→ Exercise objective: Reproduce the records below exactly from their first line through the line containing "Zbliża się już", omitting all pictures.

Stored records:
+-------+
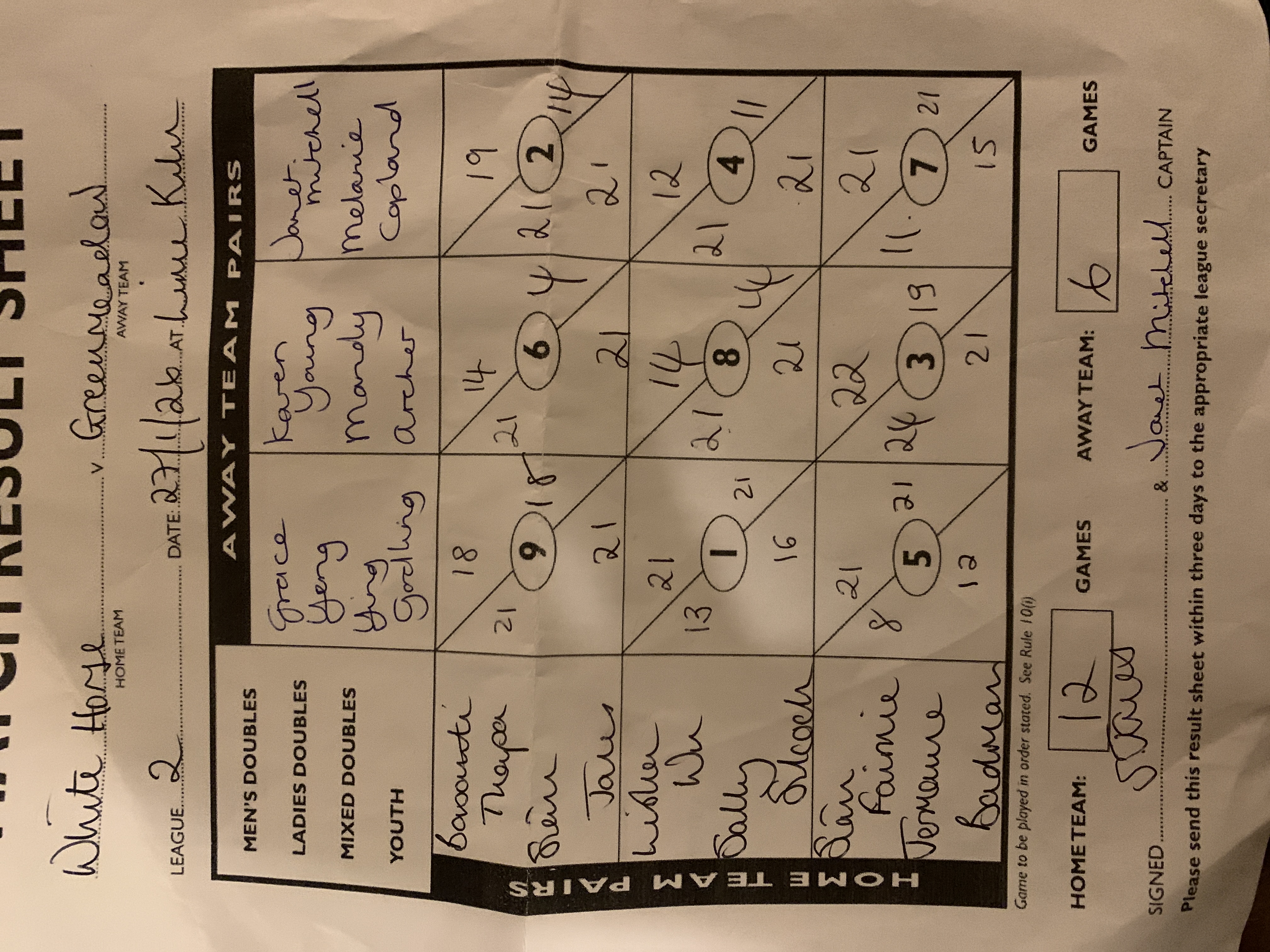 | 25-02-2026 | 20:00 | Wednesday | 16 Feathers A | Whitehorse A | Lime Kiln Leisure Centre, Royal Wootton Bassett, Swindon, SN4 7HG | Upload | |
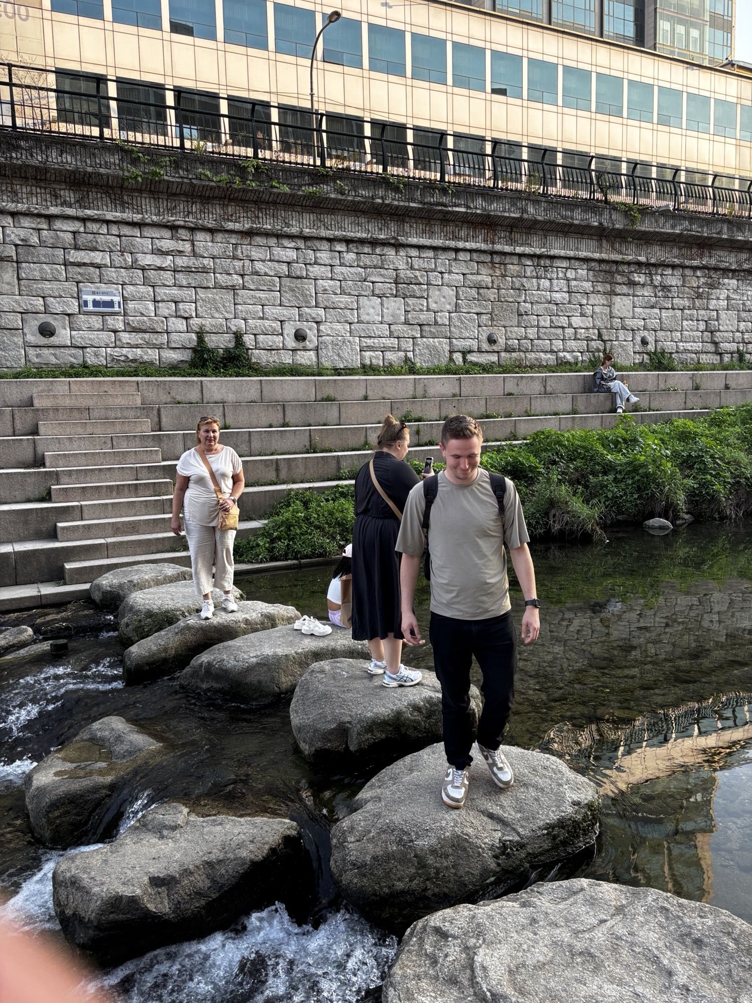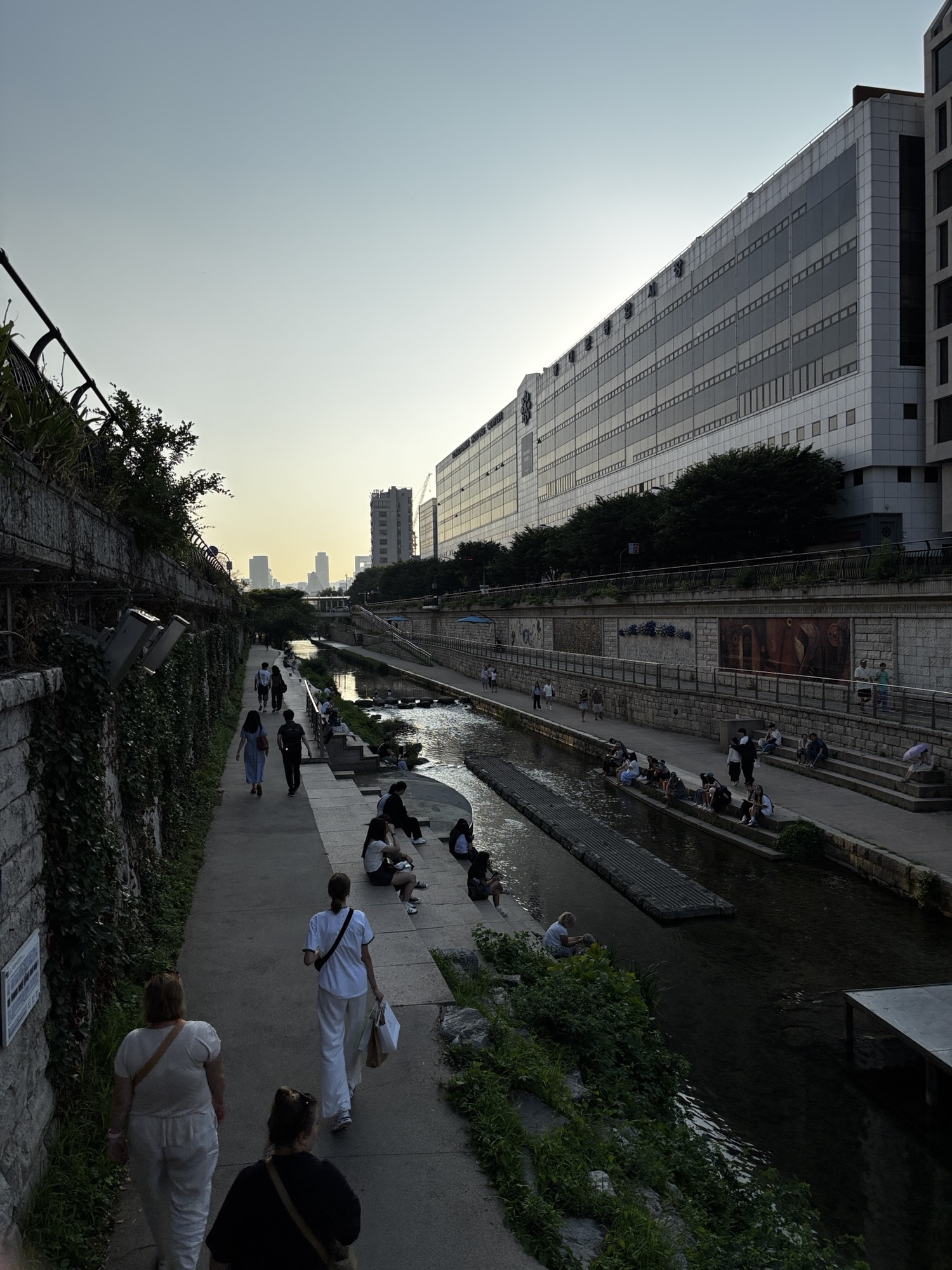 Zbliża się już 19ta to i czas ruszyć w kierunku hotelu. Do stacji metra nasza droga prowadzi przez potok Cheonggyecheon – wąską wstęgę wody, która stała się symbolem odnowy i harmonii w miejskim krajobrazie.
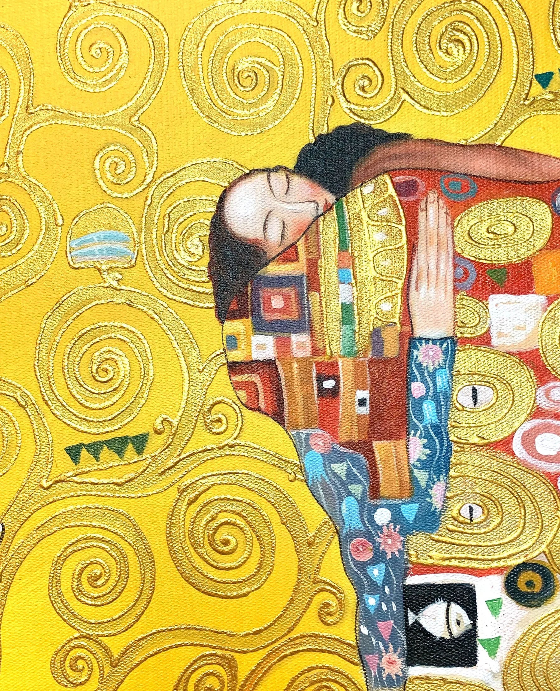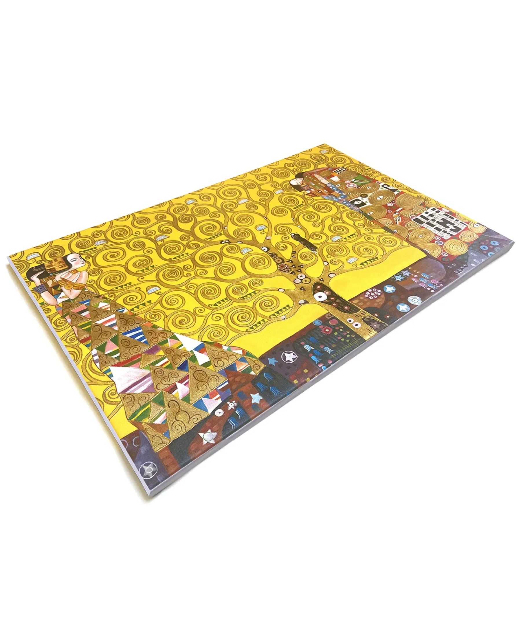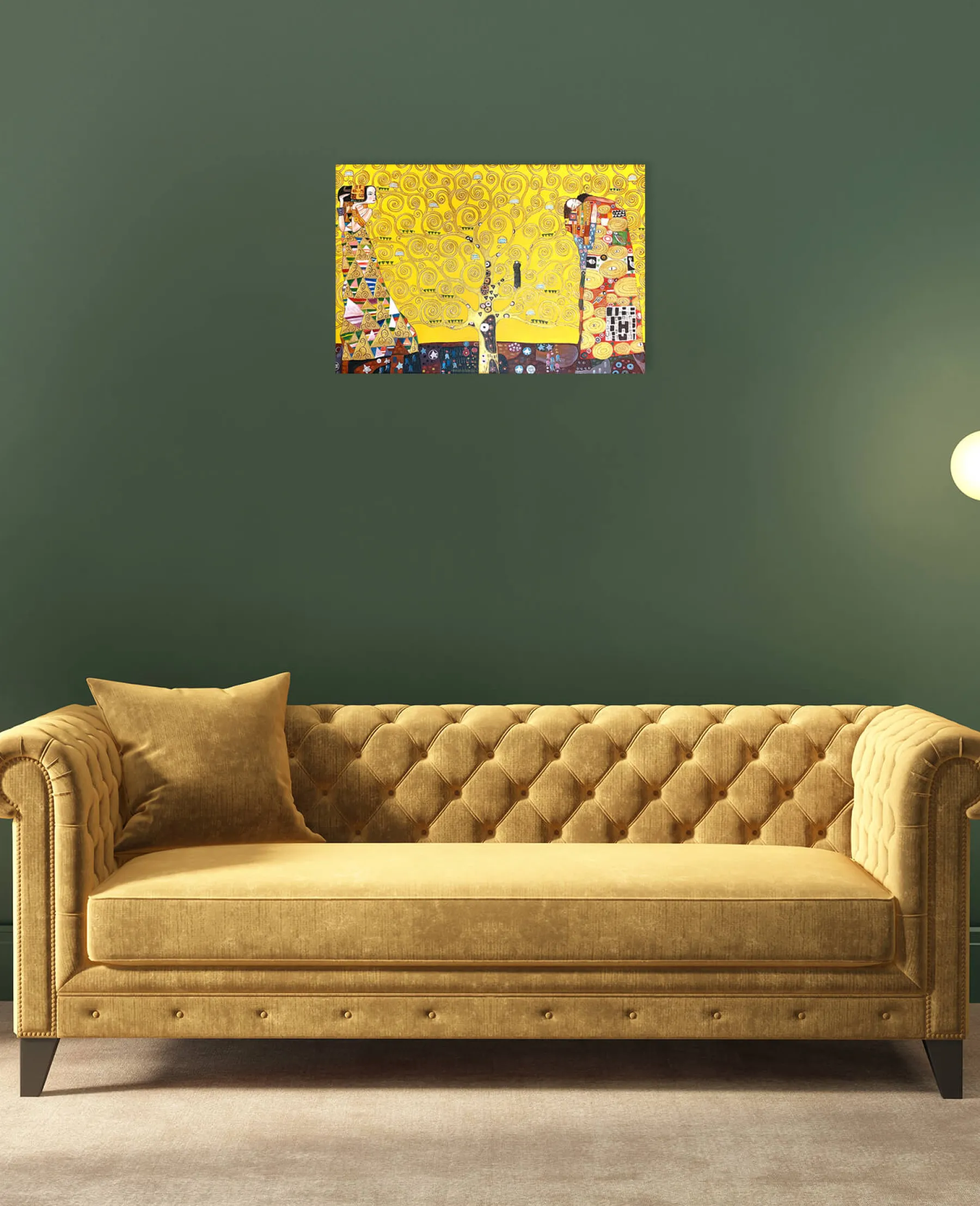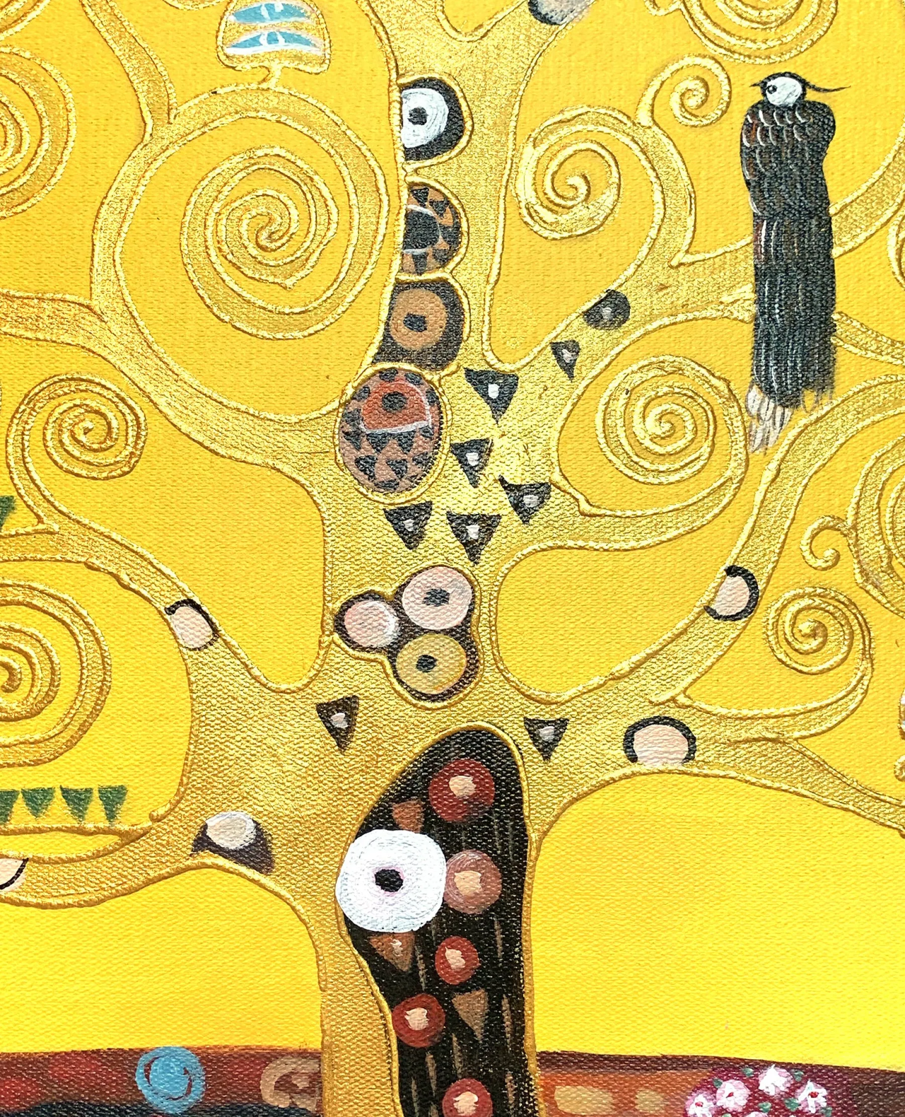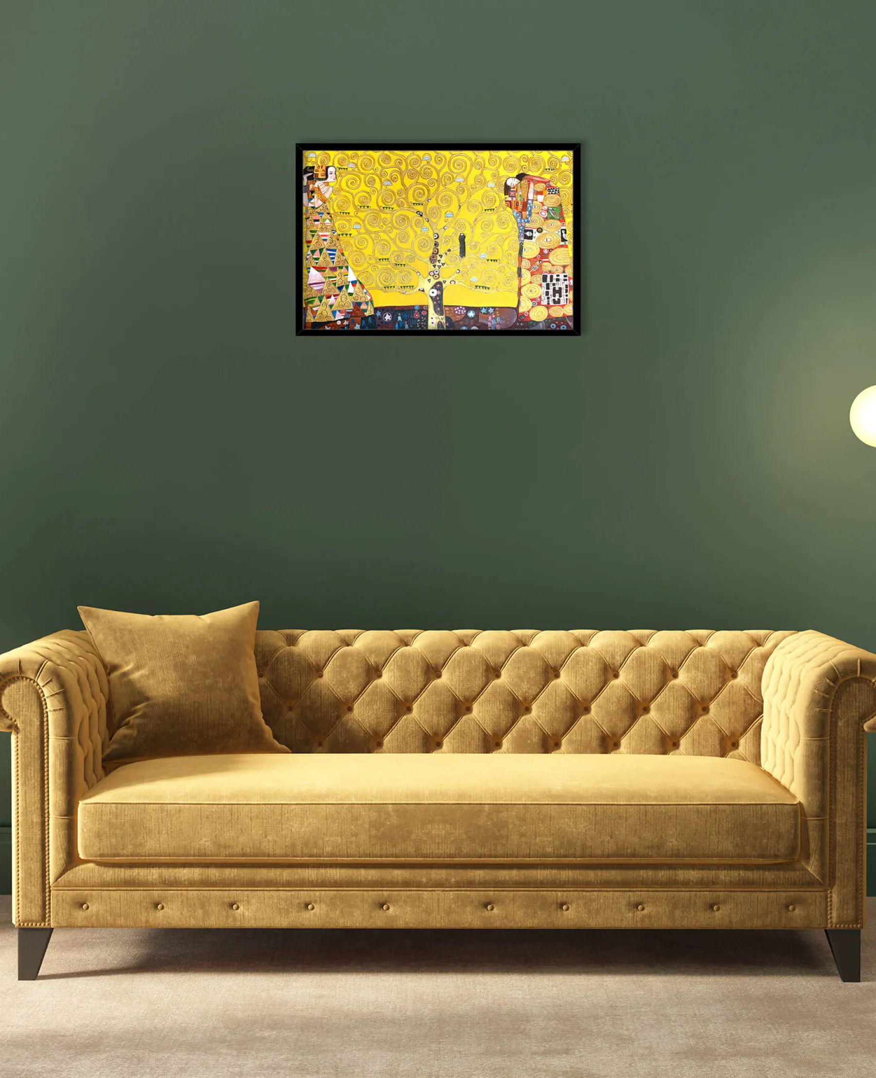 This painting is a mosaic mural by Gustav Klimt, commissioned in 1904 by a Belgian client. It is actually a triptych entitled: “The Waiting”, “The Tree of Life” and “The Fulfillment”. It represents the complexity of human feelings and is meant to be a symbol of love.u0026nbsp;The yellow background is often used by the artist in his works, as we see in The Kiss and Lady with Fan.
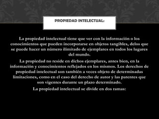 La propiedad intelectual se refiere a los derechos sobre conocimientos e información que pueden ser expresados en objetos tangibles, abarcando tanto la propiedad industrial como los derechos de autor. La propiedad industrial protege invenciones y marcas, mientras que los derechos de autor otorgan al creador el control sobre su obra y su reconocimiento. Existen derechos morales y patrimoniales que permiten al autor decidir sobre la divulgación y obtener beneficios económicos por su trabajo.
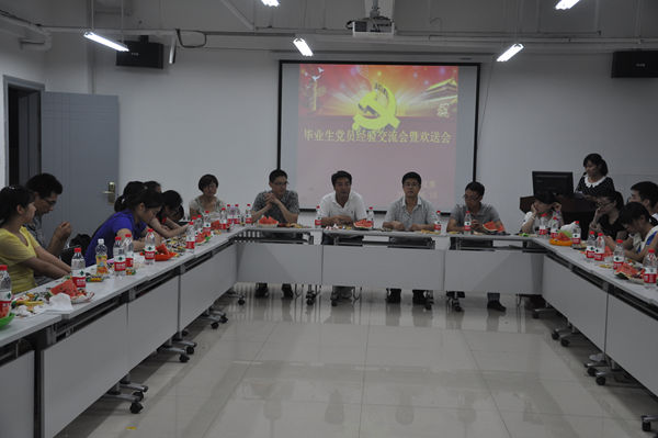 在党的第93个生日即将到来和2014届毕业生即将离校之际,云顶国际唯一官方网站应化1支部于6月16日19:30在理科楼E334会议室隆重召开毕业生党员欢送会暨经验交流会。学院党委书记欧文军、党委副书记程晓盈出席会议,应化1支部书记程玉峰老师、党务秘书王晨老师、团工委书记王磊老师和应化专业党员、积极分子40余人参加了会议。
+-------+
→ Answer to this exercise:
 | 25-02-2026 | 20:00 | Wednesday | 16 Feathers A | Whitehorse A | Lime Kiln Leisure Centre, Royal Wootton Bassett, Swindon, SN4 7HG | Upload | |
 Zbliża się już 19ta to i czas ruszyć w kierunku hotelu. Do stacji metra nasza droga prowadzi przez potok Cheonggyecheon – wąską wstęgę wody, która stała się symbolem odnowy i harmonii w miejskim krajobrazie.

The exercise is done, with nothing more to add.